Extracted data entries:
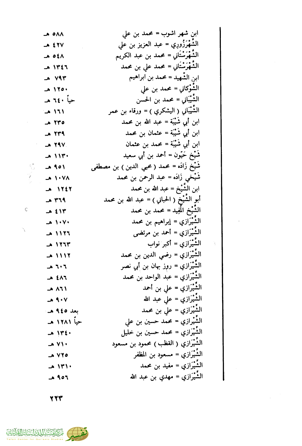 الشيرازي = روز بهان بن أبي نصر … 606 هـ
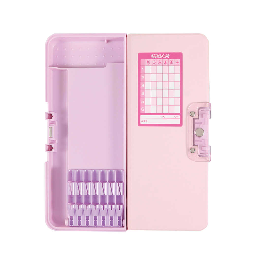 オートロック筆入れ、筆箱、自動ロック、カギの閉め忘れナシ、片手、ワンプッシュ、開けられる、力弱い、低学年、開け閉めしやすい、ランドセルぴったりサイズ、パープル
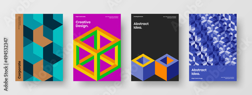 Vivid geometric shapes handbill template composition. Colorful journal cover design vector layout set.
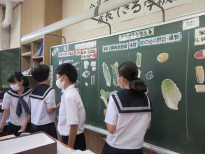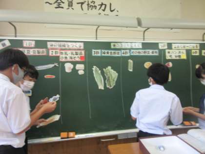 今日は6つの基礎食品群の復習をしました。中学校では、既習の「赤・黄・緑」の3つの食品群が6つに細分化され、より詳しく栄養等について学習します。
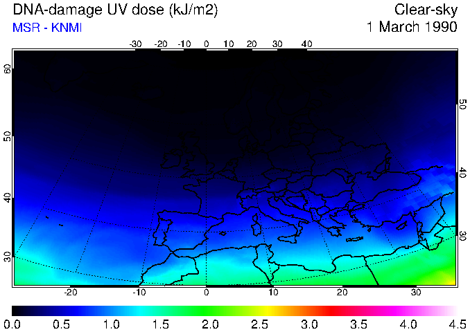 DNA-damage UV dose of 01 March 1990
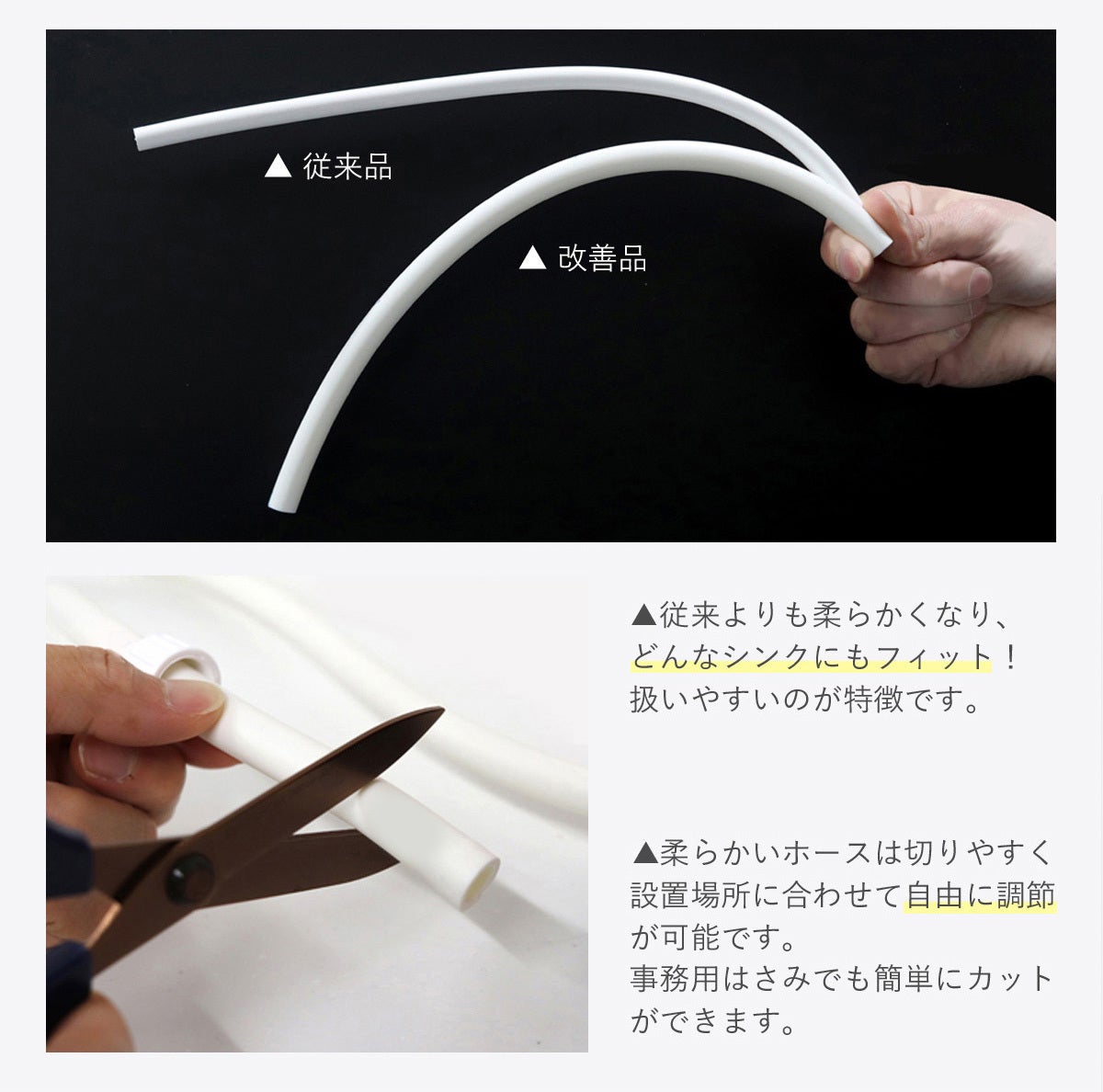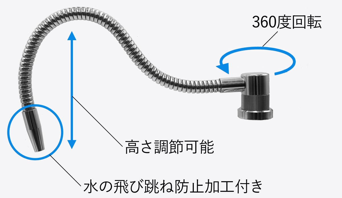 吐水管はしなやかで曲げやすいため、お好みの形でご使用いただけます。
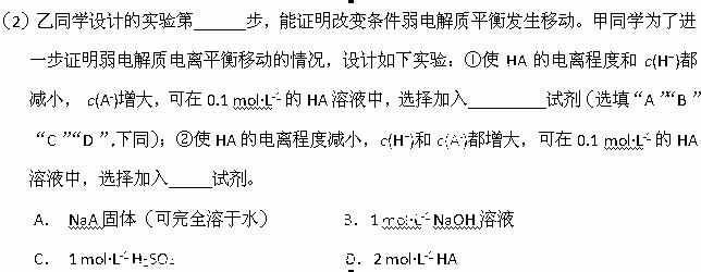 乙:① 用pH计测定物质的量浓度均为0.1 mol·L-1 HA和HCl溶液的pH;
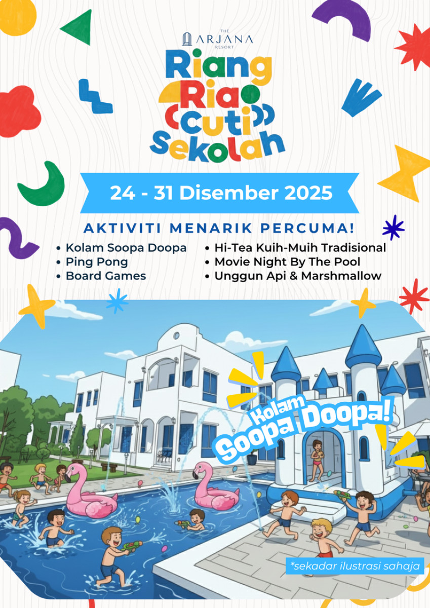 #TheArjanaResort #CutiSekolah #PercutianKeluarga #RiangRia #Disember2025 #FamilyFun #Percuma #AktivitiKanakKanak #HiTea #UnggunApi
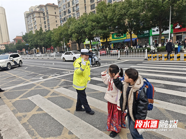 冷水滩融媒3月5日讯(记者 蒋彦斌 李秋燕)近日,永州市公安局交通管理支队冷水滩大队全面启动“护学岗”,并深入校园开展“交通安全第一课”,全力筑牢校园周边交通安全防线。
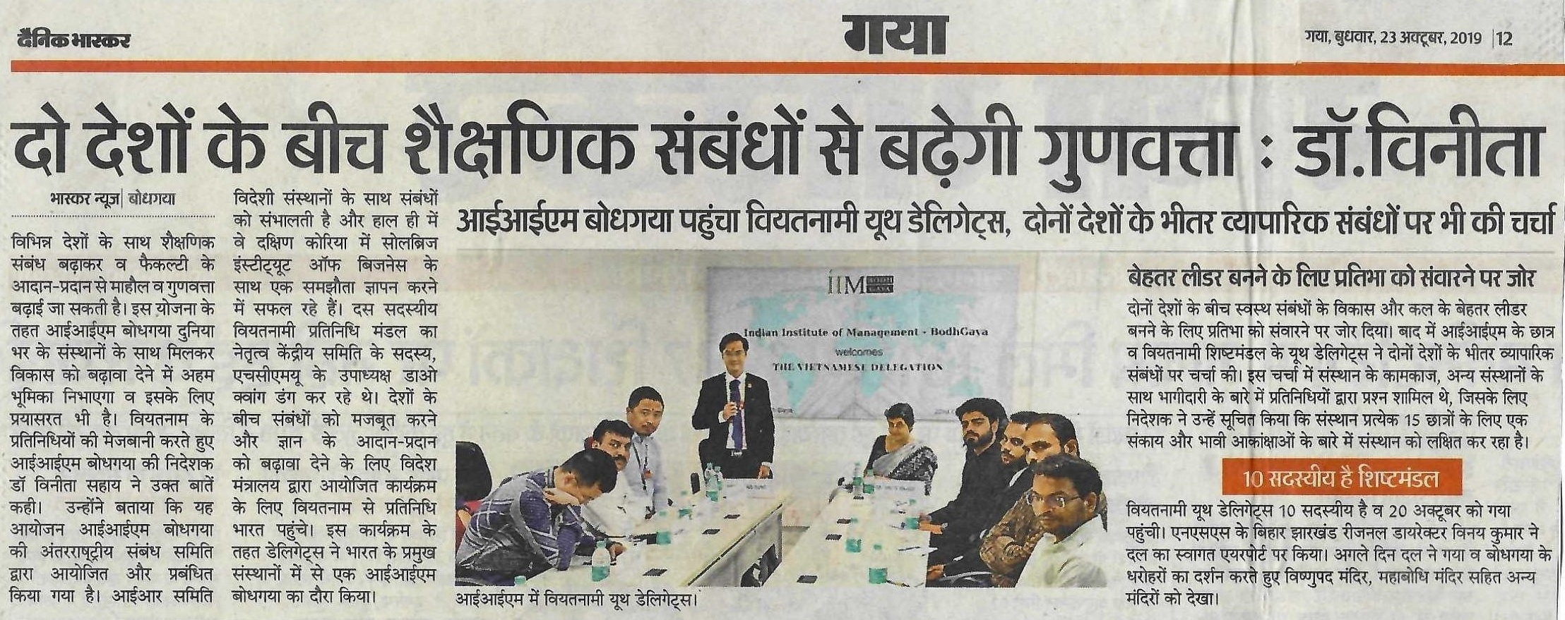 International Relations Committee, Vietnamese Delegation, Dr. Vinita S. Sahay- Director of IIM Bodh Gaya, Vietnam Youth Delegation, Mr. Dao Quang Dung
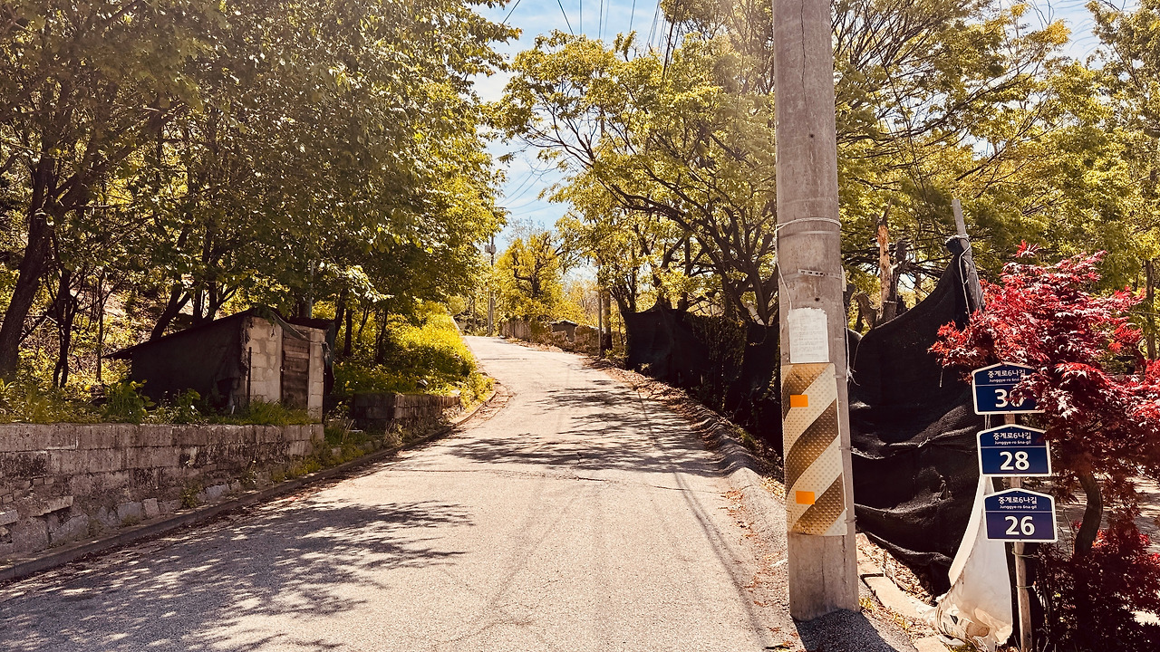 이제 조금 ‘길다운 길’을 걸어 나오니, 저 반대편에서 보았던 언덕배기 길이 눈앞에 나타났다. 크게 가파르진 않았지만, 길이는 꽤 길었다. 여기선 누구든 이 길을 터벅터벅 오르고 내려갔을 테니, 나도 그 보이지 않는 발자국을 따라 걸어 올라갔다. 십수 년 전, 꼬부랑 할머니가 자기 따라오라며 손짓하던 그 순간, 쌀을 짊어지고 낑낑대던 내 젊은 날의 환영이 어렴풋이 떠올랐다. 그때 흘렸던 땀은 아직 기화되지 않은 채, 먼지와 뒹굴어 길자욱으로 남아 있었다.
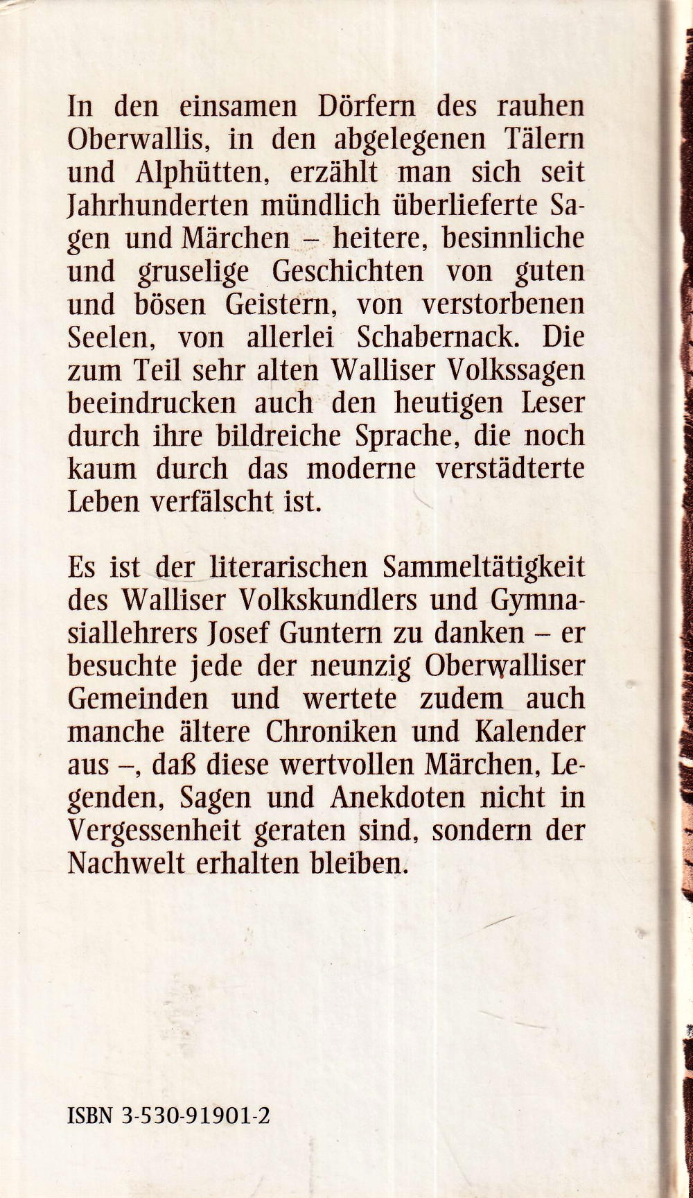 Es ist der literarischen Sammeltätigkeit des Walliser Volkskundlers und Gymnasiallehrers Josef Guntern zu danken - er besuchte jede der neunzig Oberwalliser Gemeinden und wertete zudem auch manche ältere Chroniken und Kalender aus -, dass diese wertvollen Märchen, Legenden, Sagen und Anekdoten nicht in Vergessenheit geraten sind, sondern der Nachwelt erhalten bleiben.
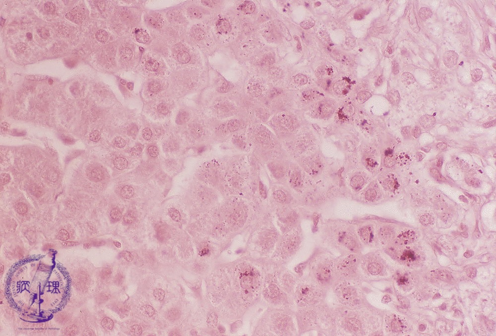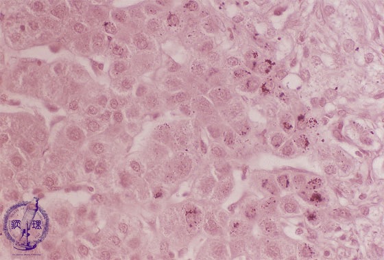 Microscopic image (orcein stain, high power): In advanced primary biliary cirrhosis, periportal hepatocytes contain orcein positive cytoplasmic granules. Orcein stains copper binding protein; therefore, positively staining granules reflect the deposition of copper granules associated with chronic cholestasis.
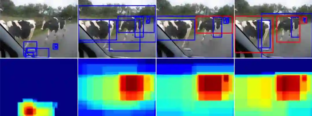 图3是检测奶牛的过程,第一张第一列是随机初始化的结果,网络还没进行学习;第二列至第四列是网络迭代的不同阶段(第一个迭代, 第三个迭代,和最后的迭代),可以看出,训练到一定阶段,算法不仅能检测出所有的奶牛,而且奶牛的检测框也越来越精确。
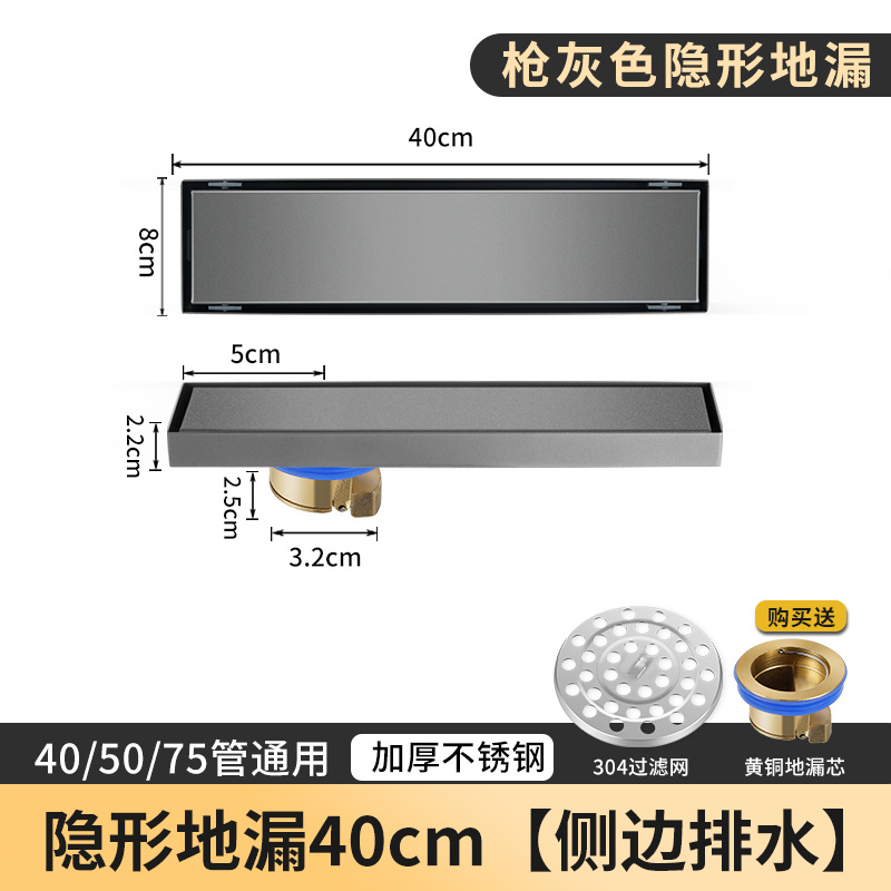 - Specification: Gun gray invisible 40cm [Side drainage - copper core]
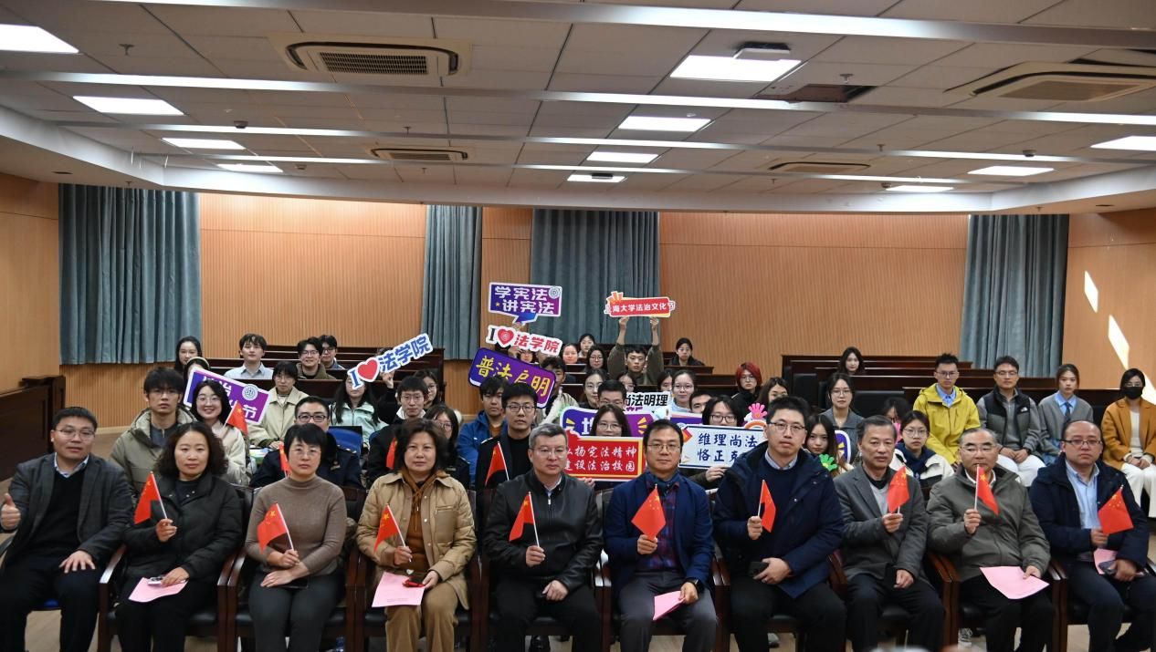 为深入学习贯彻习近平法治思想与党的二十大、二十届四中全会精神,扎实落实习近平总书记关于加强法治宣传教育的重要指示要求,持续提升全校师生的法治意识与道德素养,凝聚法治校园建设共识,为学校“双一流”建设注入新活力,2025年12月4日——第12个国家宪法日当天,由法学院(秋白书院)、校党政办、党委宣传部、学生工作办公室、党委研究生工作部、校团委、校工会等联合主办的上海大学第七届法治文化节开幕式,在宝山校区法学院113模拟法庭举行。本届文化节紧扣宪法主题,以“尊崇宪法守初心,弘扬法治润校园”为核心,将陆续推出宪法日普法活动、求职就业法律宣讲、“法言杯”辩论赛、模拟法庭观摩、反诈骗宣讲等系列特色活动。

— Problem description —
Copy all of the entries verbatim, leaving out any pictures they contain.

— Answer to the exercise —
 الشيرازي = روز بهان بن أبي نصر … 606 هـ
 オートロック筆入れ、筆箱、自動ロック、カギの閉め忘れナシ、片手、ワンプッシュ、開けられる、力弱い、低学年、開け閉めしやすい、ランドセルぴったりサイズ、パープル
 Vivid geometric shapes handbill template composition. Colorful journal cover design vector layout set.
 今日は6つの基礎食品群の復習をしました。中学校では、既習の「赤・黄・緑」の3つの食品群が6つに細分化され、より詳しく栄養等について学習します。
 DNA-damage UV dose of 01 March 1990
 吐水管はしなやかで曲げやすいため、お好みの形でご使用いただけます。
 乙:① 用pH计测定物质的量浓度均为0.1 mol·L-1 HA和HCl溶液的pH;
 #TheArjanaResort #CutiSekolah #PercutianKeluarga #RiangRia #Disember2025 #FamilyFun #Percuma #AktivitiKanakKanak #HiTea #UnggunApi
 冷水滩融媒3月5日讯(记者 蒋彦斌 李秋燕)近日,永州市公安局交通管理支队冷水滩大队全面启动“护学岗”,并深入校园开展“交通安全第一课”,全力筑牢校园周边交通安全防线。
 International Relations Committee, Vietnamese Delegation, Dr. Vinita S. Sahay- Director of IIM Bodh Gaya, Vietnam Youth Delegation, Mr. Dao Quang Dung
 이제 조금 ‘길다운 길’을 걸어 나오니, 저 반대편에서 보았던 언덕배기 길이 눈앞에 나타났다. 크게 가파르진 않았지만, 길이는 꽤 길었다. 여기선 누구든 이 길을 터벅터벅 오르고 내려갔을 테니, 나도 그 보이지 않는 발자국을 따라 걸어 올라갔다. 십수 년 전, 꼬부랑 할머니가 자기 따라오라며 손짓하던 그 순간, 쌀을 짊어지고 낑낑대던 내 젊은 날의 환영이 어렴풋이 떠올랐다. 그때 흘렸던 땀은 아직 기화되지 않은 채, 먼지와 뒹굴어 길자욱으로 남아 있었다.
 Es ist der literarischen Sammeltätigkeit des Walliser Volkskundlers und Gymnasiallehrers Josef Guntern zu danken - er besuchte jede der neunzig Oberwalliser Gemeinden und wertete zudem auch manche ältere Chroniken und Kalender aus -, dass diese wertvollen Märchen, Legenden, Sagen und Anekdoten nicht in Vergessenheit geraten sind, sondern der Nachwelt erhalten bleiben.
 Microscopic image (orcein stain, high power): In advanced primary biliary cirrhosis, periportal hepatocytes contain orcein positive cytoplasmic granules. Orcein stains copper binding protein; therefore, positively staining granules reflect the deposition of copper granules associated with chronic cholestasis.
 图3是检测奶牛的过程,第一张第一列是随机初始化的结果,网络还没进行学习;第二列至第四列是网络迭代的不同阶段(第一个迭代, 第三个迭代,和最后的迭代),可以看出,训练到一定阶段,算法不仅能检测出所有的奶牛,而且奶牛的检测框也越来越精确。
 - Specification: Gun gray invisible 40cm [Side drainage - copper core]
 为深入学习贯彻习近平法治思想与党的二十大、二十届四中全会精神,扎实落实习近平总书记关于加强法治宣传教育的重要指示要求,持续提升全校师生的法治意识与道德素养,凝聚法治校园建设共识,为学校“双一流”建设注入新活力,2025年12月4日——第12个国家宪法日当天,由法学院(秋白书院)、校党政办、党委宣传部、学生工作办公室、党委研究生工作部、校团委、校工会等联合主办的上海大学第七届法治文化节开幕式,在宝山校区法学院113模拟法庭举行。本届文化节紧扣宪法主题,以“尊崇宪法守初心,弘扬法治润校园”为核心,将陆续推出宪法日普法活动、求职就业法律宣讲、“法言杯”辩论赛、模拟法庭观摩、反诈骗宣讲等系列特色活动。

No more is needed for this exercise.